*** Opening Data supplied ***

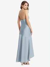 Spaghetti straps and a bikini-inspired top add flirty, inviting style to this full length lux charmeuse dress. A drop waist highlights its asymmetrical seaming and slitted high-low skirt, which create beautiful movement and energy for an elegant design.
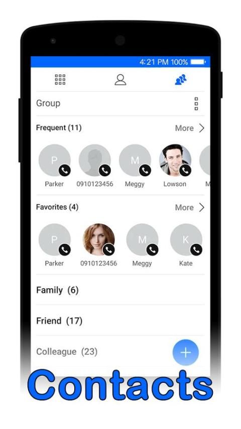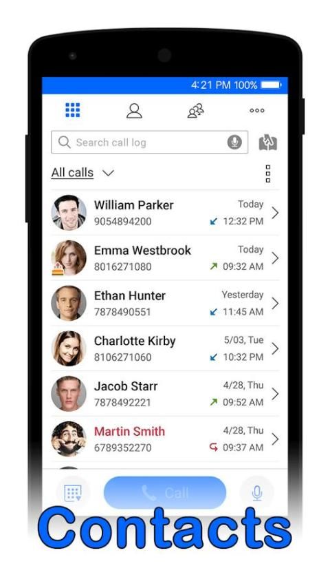 Kontak Bergaya Dialer: Kontak adalah seluruh kontak papan, keluar, dan call log aplikasi yang menawarkan efektif telepon highlights.
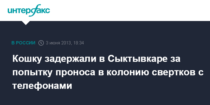 Сыктывкар. 3 июня. INTERFAX.RU - Сотрудники ГУФСИН Коми задержали кошку при попытке доставки в исправительную колонию №1 Сыктывкара запрещенных к хранению и использованию осужденными предметов, сообщает пресс-служба регионального ведомства в понедельник.
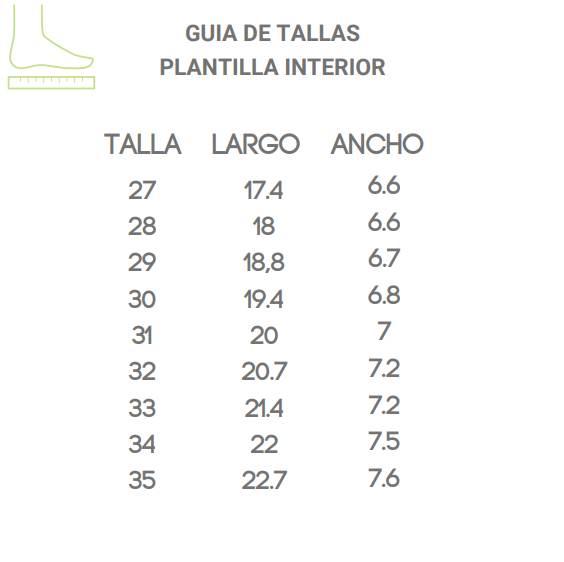 • Disponibles en tallas de la 23 a la 32, ideales para acompañar el crecimiento.
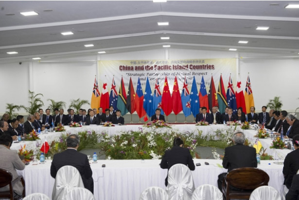 ????會議廳寬敞明亮,背景布上醒目地用中英文寫著“中國—太平洋島國:相互尊重、共同發(fā)展的戰(zhàn)略伙伴關(guān)系”。這一伙伴關(guān)系的確立,是習(xí)主席和8位島國領(lǐng)導(dǎo)人一致同意的重要成果。背景布前面擺著中國和8個(gè)太平洋島國的國旗,很是好看。整個(gè)會議廳,被布置得喜氣洋洋。
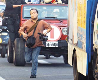 马英九昨天上午陪国民党“立委”候选人扫街拜票,香港记者李东杰抢拍完画面,跑步追赶已向前行进的采访车。(联合报图)
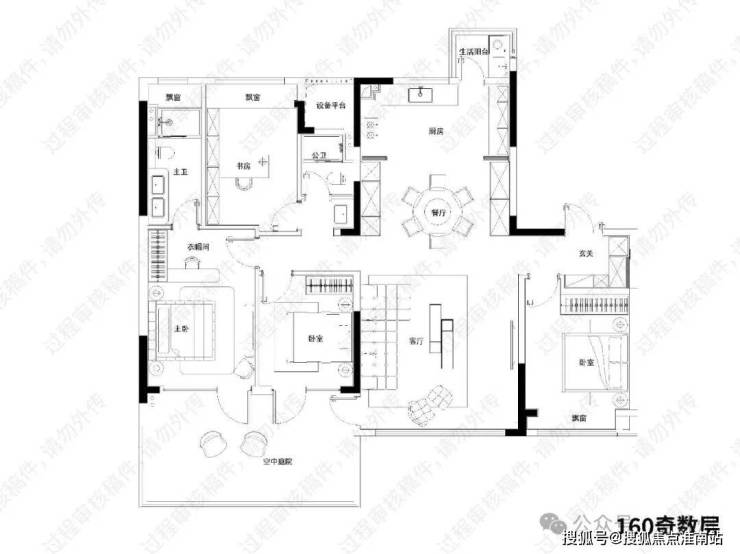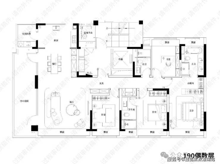 约190㎡偶数户型图,私家电梯入户,南向双套房,其中主卧套房+衣帽间+独立卫浴。
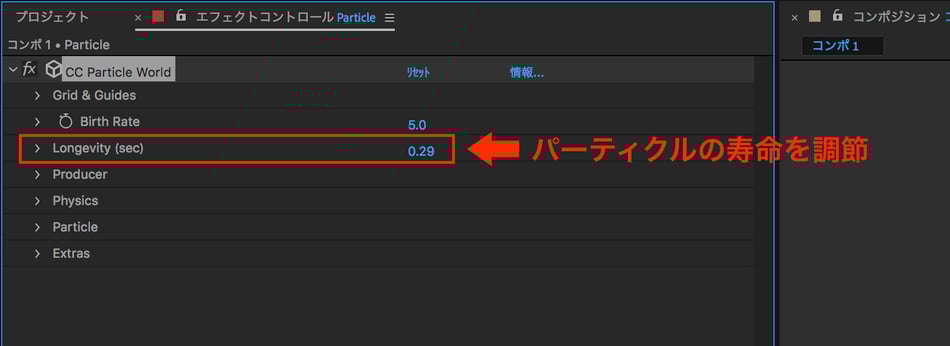 パーティクル一粒の寿命を調節する項目です。
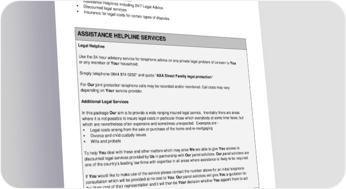 ADH 15.04a 46 Family Legal Protection (optional extra) Your p olicy schedule will show if this section is in force. Family Legal Protection provides: - Assistance Helplines including 24/7 Legal Advice Discounted legal services Insurance for legal costs for certain types of disputes ASSISTANCE HELPLINE SERVICES Legal Helpline Use the 24 hour advisory service for telephone advice on any private legal problem of concern to You or any member of Your household. Simply telephone 0844 874 0232* and quote “ AXA Direct Family legal protection ” For Our joint protection telephone calls may be recorded and/or monitored. Call costs may vary depending on Your service provider. Additional Legal Services In this package Our aim is to provide a wide ranging insured legal service. Inevitably there are areas where it is not possible to insure legal costs in particular those which everybody at some time faces, but which are nevertheless often expensive and sometimes unexpected. Examples are: - Legal costs arising from the sale or purchase of the home and re- mortgaging Divorce and child custody issues Wills and probate To help You deal with these and other matters which may arise We are able to give You access to discounted legal services provided by Us in partnership with Our panel solicitors. Our panel solicitors are one of the country’s leading law firms with expertise in all areas where assistance is likely to be required. If You would like to make use of the service please contact the number above for an initial telephone consultation which will be provided at no cost to You . Our panel solicitors will give You a quotation for the likely cost of their representation and it will then be Your decision whether You appoint them to act for You .
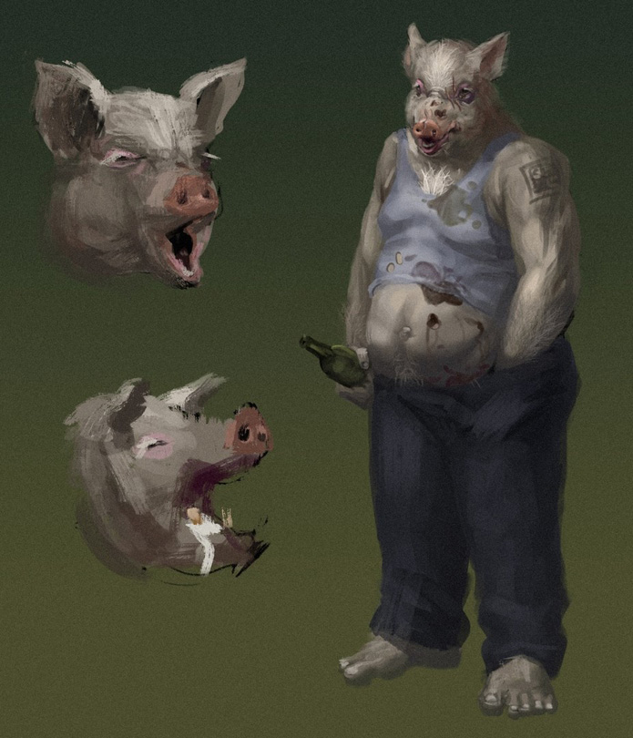 Грузно, вальяжно, он надвигался на меня, любопытно шевеля влажным носом. Я вжимался в стенку за спиной, пока это существо неспешно усаживалось на табуретку напротив перед тарелкой с дымящейся дрянью. Всхрюкнув, он резко выбросил в мою сторону свою толстую, как окорок, покрытую светлой шерстью руку:
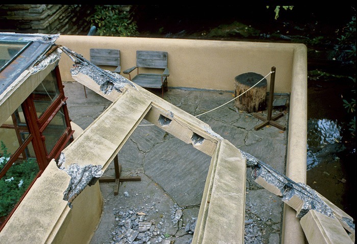 実は落水荘は何度か鉄砲水の被害にも遭っています。建設前に岩の上に建設するのは危険だと指摘されていたこともあったようです。あまりにも大きな跳ね出し構造に不安を抱いた施主カウフマンが、セカンドオピニオンを求め、施工者がライトの許可を得ず鉄筋量を増やしてコンクリートを打設してしまい、ライトと決裂寸前まで険悪な状態にもなったこともありました。

*** Closing Data supplied ***

| Action item |
Every line of the data above is to be set down exactly; the pictures are not.

| Solution for this exercise |
 Spaghetti straps and a bikini-inspired top add flirty, inviting style to this full length lux charmeuse dress. A drop waist highlights its asymmetrical seaming and slitted high-low skirt, which create beautiful movement and energy for an elegant design.
 Kontak Bergaya Dialer: Kontak adalah seluruh kontak papan, keluar, dan call log aplikasi yang menawarkan efektif telepon highlights.
 Сыктывкар. 3 июня. INTERFAX.RU - Сотрудники ГУФСИН Коми задержали кошку при попытке доставки в исправительную колонию №1 Сыктывкара запрещенных к хранению и использованию осужденными предметов, сообщает пресс-служба регионального ведомства в понедельник.
 • Disponibles en tallas de la 23 a la 32, ideales para acompañar el crecimiento.
 ????會議廳寬敞明亮,背景布上醒目地用中英文寫著“中國—太平洋島國:相互尊重、共同發(fā)展的戰(zhàn)略伙伴關(guān)系”。這一伙伴關(guān)系的確立,是習(xí)主席和8位島國領(lǐng)導(dǎo)人一致同意的重要成果。背景布前面擺著中國和8個(gè)太平洋島國的國旗,很是好看。整個(gè)會議廳,被布置得喜氣洋洋。
 马英九昨天上午陪国民党“立委”候选人扫街拜票,香港记者李东杰抢拍完画面,跑步追赶已向前行进的采访车。(联合报图)
 约190㎡偶数户型图,私家电梯入户,南向双套房,其中主卧套房+衣帽间+独立卫浴。
 パーティクル一粒の寿命を調節する項目です。
 ADH 15.04a 46 Family Legal Protection (optional extra) Your p olicy schedule will show if this section is in force. Family Legal Protection provides: - Assistance Helplines including 24/7 Legal Advice Discounted legal services Insurance for legal costs for certain types of disputes ASSISTANCE HELPLINE SERVICES Legal Helpline Use the 24 hour advisory service for telephone advice on any private legal problem of concern to You or any member of Your household. Simply telephone 0844 874 0232* and quote “ AXA Direct Family legal protection ” For Our joint protection telephone calls may be recorded and/or monitored. Call costs may vary depending on Your service provider. Additional Legal Services In this package Our aim is to provide a wide ranging insured legal service. Inevitably there are areas where it is not possible to insure legal costs in particular those which everybody at some time faces, but which are nevertheless often expensive and sometimes unexpected. Examples are: - Legal costs arising from the sale or purchase of the home and re- mortgaging Divorce and child custody issues Wills and probate To help You deal with these and other matters which may arise We are able to give You access to discounted legal services provided by Us in partnership with Our panel solicitors. Our panel solicitors are one of the country’s leading law firms with expertise in all areas where assistance is likely to be required. If You would like to make use of the service please contact the number above for an initial telephone consultation which will be provided at no cost to You . Our panel solicitors will give You a quotation for the likely cost of their representation and it will then be Your decision whether You appoint them to act for You .
 Грузно, вальяжно, он надвигался на меня, любопытно шевеля влажным носом. Я вжимался в стенку за спиной, пока это существо неспешно усаживалось на табуретку напротив перед тарелкой с дымящейся дрянью. Всхрюкнув, он резко выбросил в мою сторону свою толстую, как окорок, покрытую светлой шерстью руку:
 実は落水荘は何度か鉄砲水の被害にも遭っています。建設前に岩の上に建設するのは危険だと指摘されていたこともあったようです。あまりにも大きな跳ね出し構造に不安を抱いた施主カウフマンが、セカンドオピニオンを求め、施工者がライトの許可を得ず鉄筋量を増やしてコンクリートを打設してしまい、ライトと決裂寸前まで険悪な状態にもなったこともありました。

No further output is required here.